Monthly Archives: November 2009

Hidden Napa Valley back country

A small reservoir on a bend of Redwood Creek in Napa.

The mountains and vineyards of Napa Valley are some of the area’s best known scenic beauty, but if you know where to look you can find gems of more wild scenery.

One spot is tucked away in the far corner of a small valley carved through the mountains by Redwood Creek. A couple of buddies and me hiked to Devils Well, a small chain of waterfalls that make a dramatic fall down a ravine. The land is managed by the Land Trust of Napa County, which has maintained a good trail. The trek starts out in a redwood grove and after a steep, initial climb you amble through more redwoods and oaks until you reach the falls. When we made our trip the falls were just a small trickle, but it’s still an impressive sight. The “well” is a natural pool that has been created by a waterfall in a small cleft of rock. You stand in what is like a small natural amphitheatre surrounded by towering cliffs. The creek flows out of the well before plunging another 100 feet down to another pool.

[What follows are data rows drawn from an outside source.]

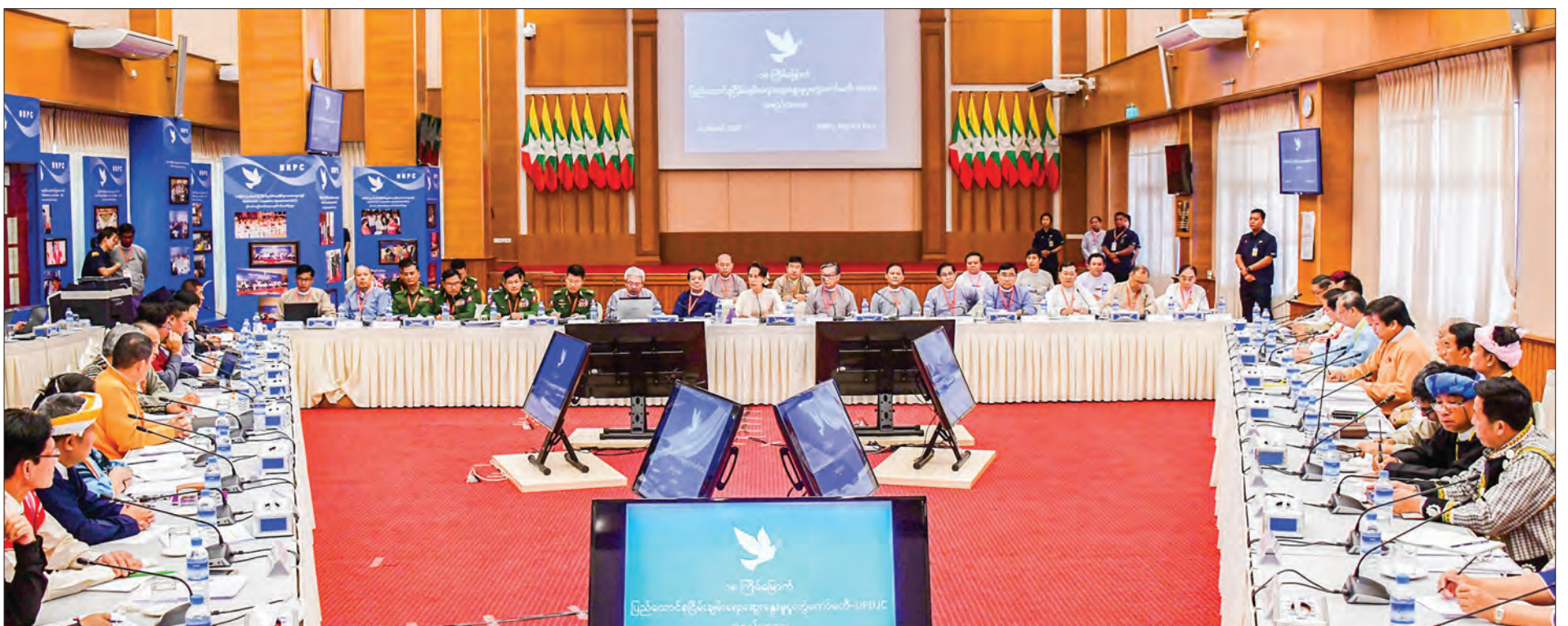
State Counsellor Daw Aung San Suu Kyi addresses the 18 th edition of the Union Peace Dialogue Joint Committee Meeting in Nay Pyi Taw yesterday.

S TATE Counsellor Daw Aung San Suu Kyi, in her capacity as Chairperson of the Union Peace Dialogue Joint Committee, delivered a speech to the 18 th meeting of the committee held at the National Reconciliation and Peace Centre in Nay Pyi Taw yesterday morning.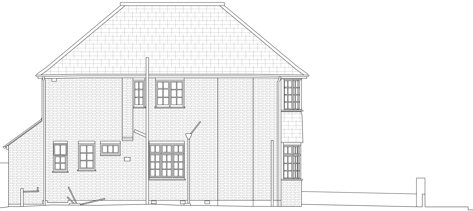
SIDE - NORTH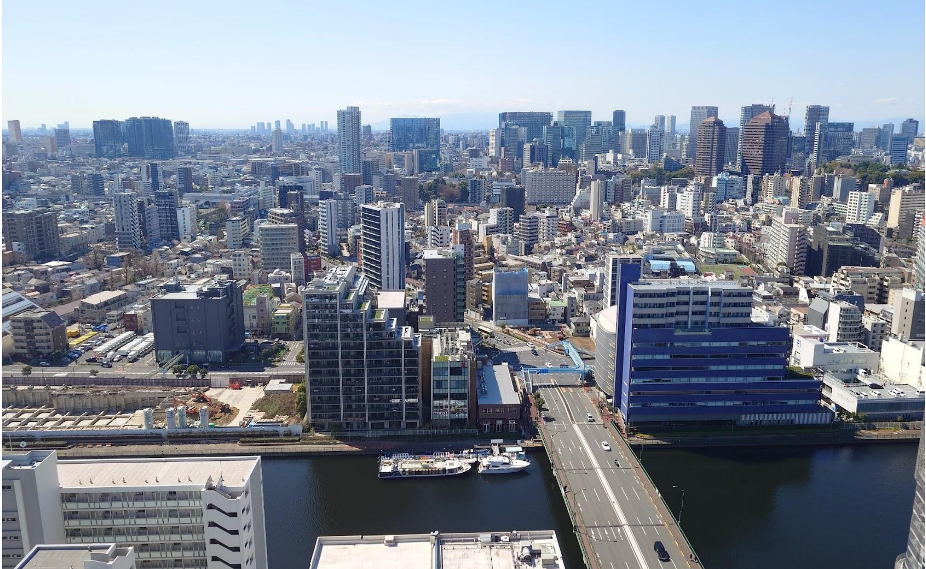
A view of southern Tokyo from my 31st-floor residence in Shinagawa-ku, taken on March 15, 2026. While not captured here, Mt. Fuji is visible straight ahead on clearer days

I will take a business trip to Berlin and Amsterdam from May 2 to May 8, 2026, and will stay at the Hotel Adlon Kempinski Berlin on May 2 and 3, the Mandarin Oriental Amsterdam on May 5, and the Waldorf Astoria Amsterdam on May 6. Amsterdam is well-known for the Anne Frank House, Rembrandt’s “The Night Watch,” its canals, and the Red Light District. About 40 years ago, I visited all these sites while staying at the Hotel Okura Amsterdam, which was recommended to me by the tourist information office in front of Amsterdam Station. Even in Tokyo, many canals remain from the Edo period (1600–1868); in fact, there is a canal right in front of my current residence.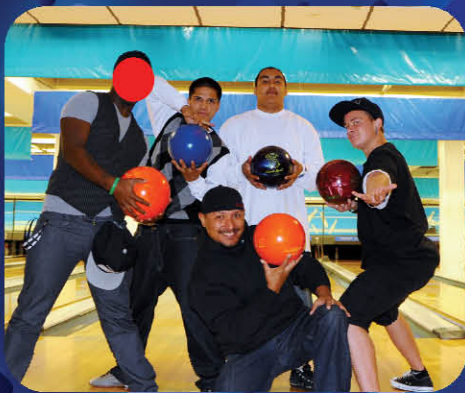
▲ Our boys enjoying a friendly game of bowling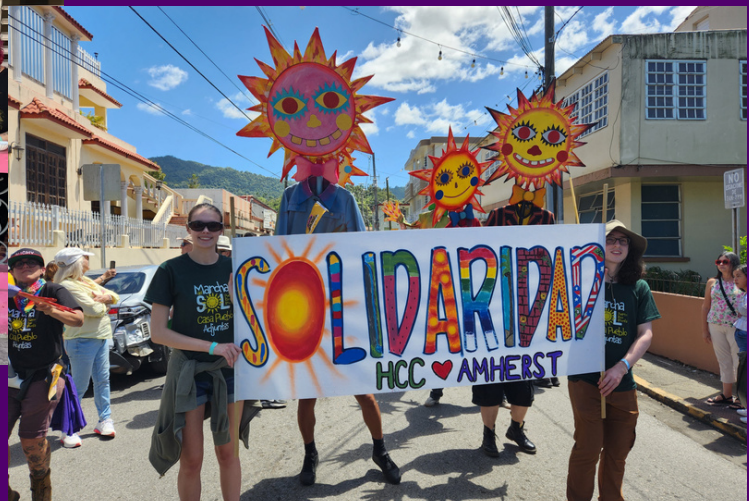
PHOTO TAKEN DURING THE MARCH IN ADJUNTAS, PUERTO RICO ON MARCH 17, 2023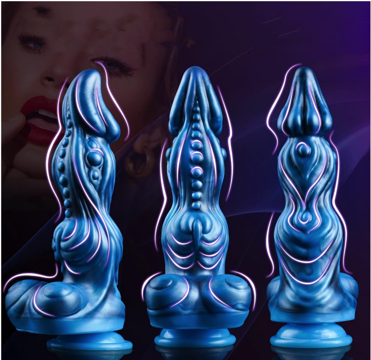
Image 2.2: Three distinct views of the product, showcasing its unique dragon-inspired design and contours from different perspectives.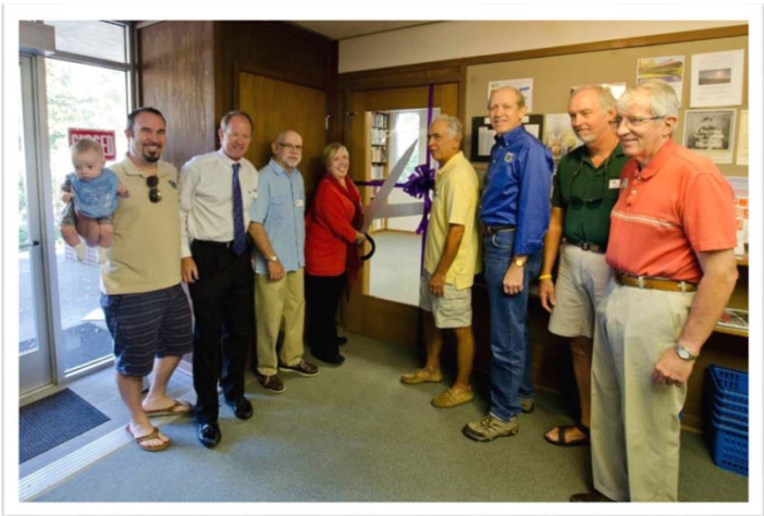
New Local History Door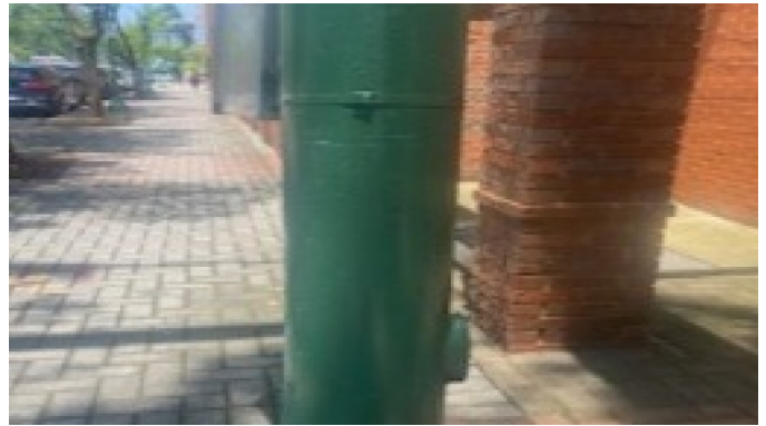
Graffiti removed from light pole.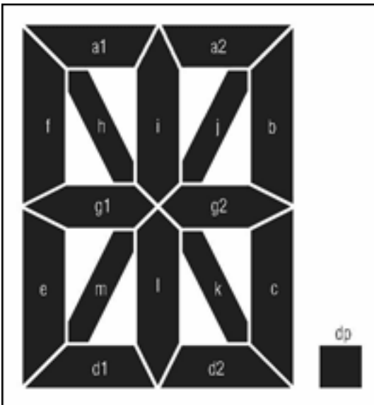
Figure 2. Segment labeling for 16-segment displays.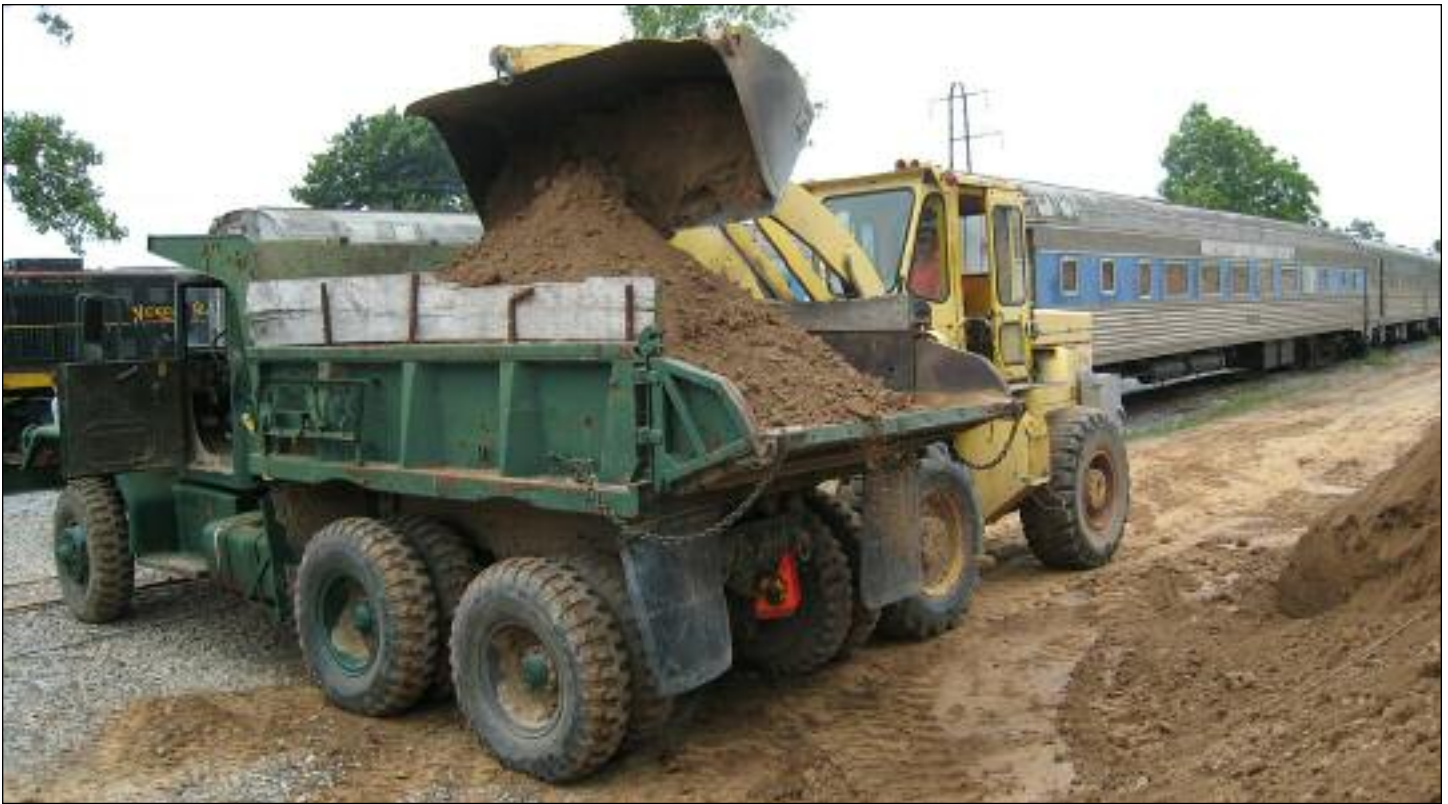
Our Construction Department remains hard at work around the museum. Here they are moving more dirt from the northeast corner of the restoration building to be used to widen the fill at the south end of the building to allow for additional track to be built south of the building.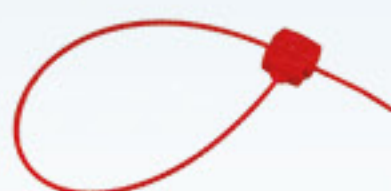
PLASTOSEAL™ (Box of 300 parts) REF 35417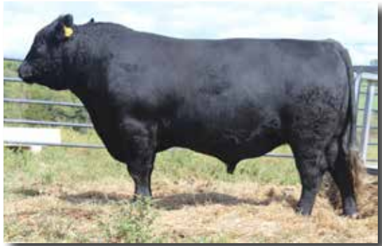
WRR DISCOVERY 609 SIRE OF LOT 51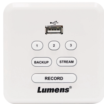
Europe standard: LC-RC01E

Lumens ® Your Success, Our Passion! www.MyLumens.com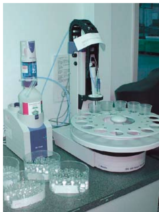
The test for hydrolytic surface resistance for primary glass containers has been a standard at SCHOTT forma vitrum for well over a decade.

Manufacturers of pharmaceutical packaging delivering to the US or under USP mandate will have to challenge their process and process control, according to Gruening. "Some might have to go through a certain learning curve in the beginning as we have seen in Western Europe, but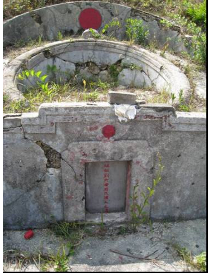
A Ching Era Ancient Tombstone-approximately 200 over years old

It is unwise to act like a real master when you are only half barrel full. Mind you ancient Master or scholar always do not write down their essence of techniques for two reasons, one, they often oral teach the essence to disciples and, they afraid that such techniques might be on the hand of the badhearted people. God knows the real essence, but that's always one way we can find out, that's to study the ancient tombs done by prominent masters. Such works cannot be camouflaged and have to be authentic. Their skills and their texts could have differences but only the works (tombs site) can be trusted. The core of the text is to narrow down the focus on the Xuan Kong techniques.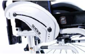
XES040103 Aluminium, cold weather protection, fender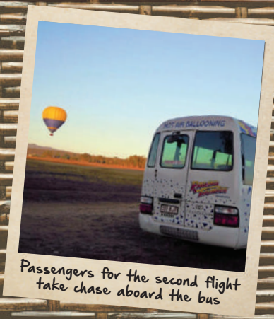
Passengers for the second flight take chase aboard the bus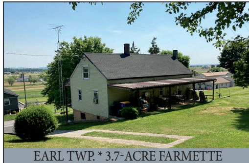
EARL TWP. * 3.7-ACRE FARMETTE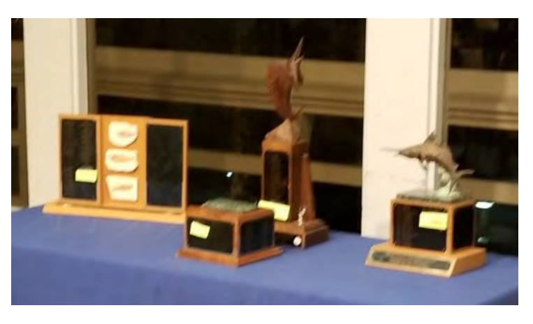
Anglers Awards Dinner Nov. 17<sup>th</sup>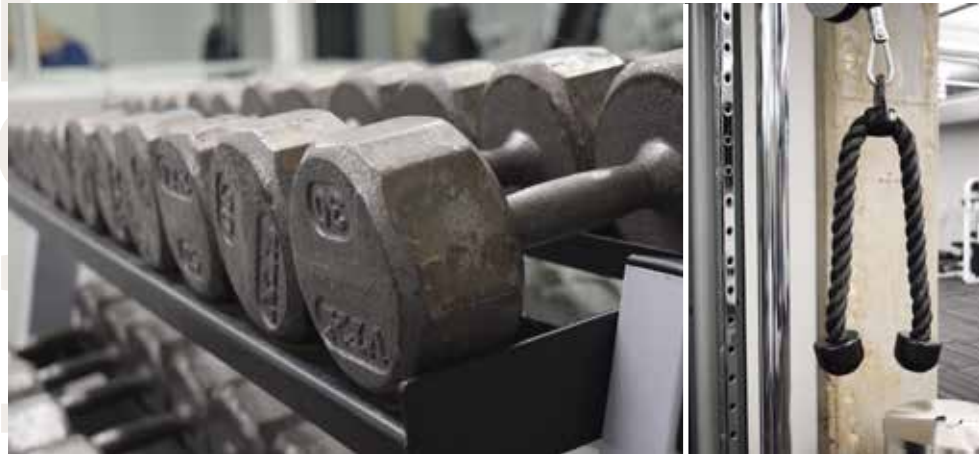
Wide array of weights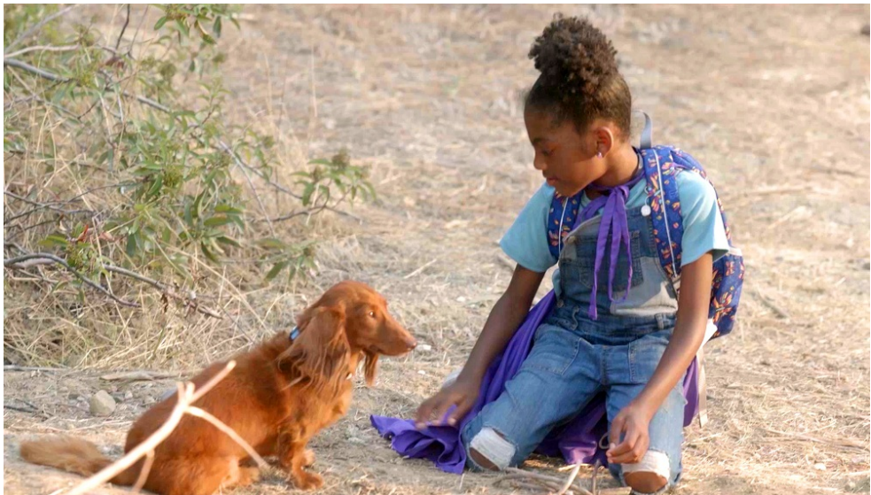
The short film "Charlie and the Hunt" is part of the <u>Dream Black shorts program</u> (<u>https://nwfilmforum.org/films/childrens-film-festival-seattle-2023-dream-black-hybrid/)</u> in the 2023 Children's Film Festival Seattle.

(https://nwfilmforum.org/films/childrens-film-festival-seattle-2023-little-help-fromfriends-hybrid/) leans even more intentionally into relationships. While the stories in Hopeful Harmonies (https://nwfilmforum.org/films/childrens-film-festival-seattle-2023hopeful-harmonies-hybrid/) might be too intense for some younger kids, their musical themes are universal.

The trail begins in a grove of redwoods.

My friend John grew up in the area and recalled jumping into Devils Well when he was a teenager and not being able to touch the bottom.

It being about 55 degrees when we were making our recent hike, my friends and weren’t about to jump into the water. While it was chilly, the sun was still shining bright and we would often pause in clearings to warm up in the sunshine. During one pause we noticed that the ground was covered with ladybugs. The trail to Devils Well may be a little short, but around every bend there was great things to see in the details. John had mentioned he thought it was the time of year when ladybugs would be hatching, and it was just amazing to see everything on the ground covered in the small, red insects.

A hatch of ladybugs.

A hatch of ladybugs.

Parts of the trail do require you to scramble over boulders and through tight crevices, so you need to be in moderate shape to make the walk. Thankfully all the work pays off with a great reward, being able to enjoy the beauty of the well.

On our return trip we stopped by a small reservoir on the creek and skipped stones. It was a fun end to a great day hike.

Access is through permission from the land trust. The trail is a little small, so if you do find yourself behind another group it’s best to pause and keep some distance.

Here are some more pictures from the hike:

A slug hangs off the side of a rock.

A slug hangs off the side of a rock along the trail.

Approaching the cliffs that surround Devils Well.

More ladybugs!

Walking into the entrance to the well.

Bennie perched on a cliff above the ravine.

John and Ben standing near the well.

The view down the ravine.

Everybody had their cameras out all day.

Everyone had their cameras out all day.

Further downstream, one can also explore a small reservoir created near a bend of the creek beneath a huge boulder.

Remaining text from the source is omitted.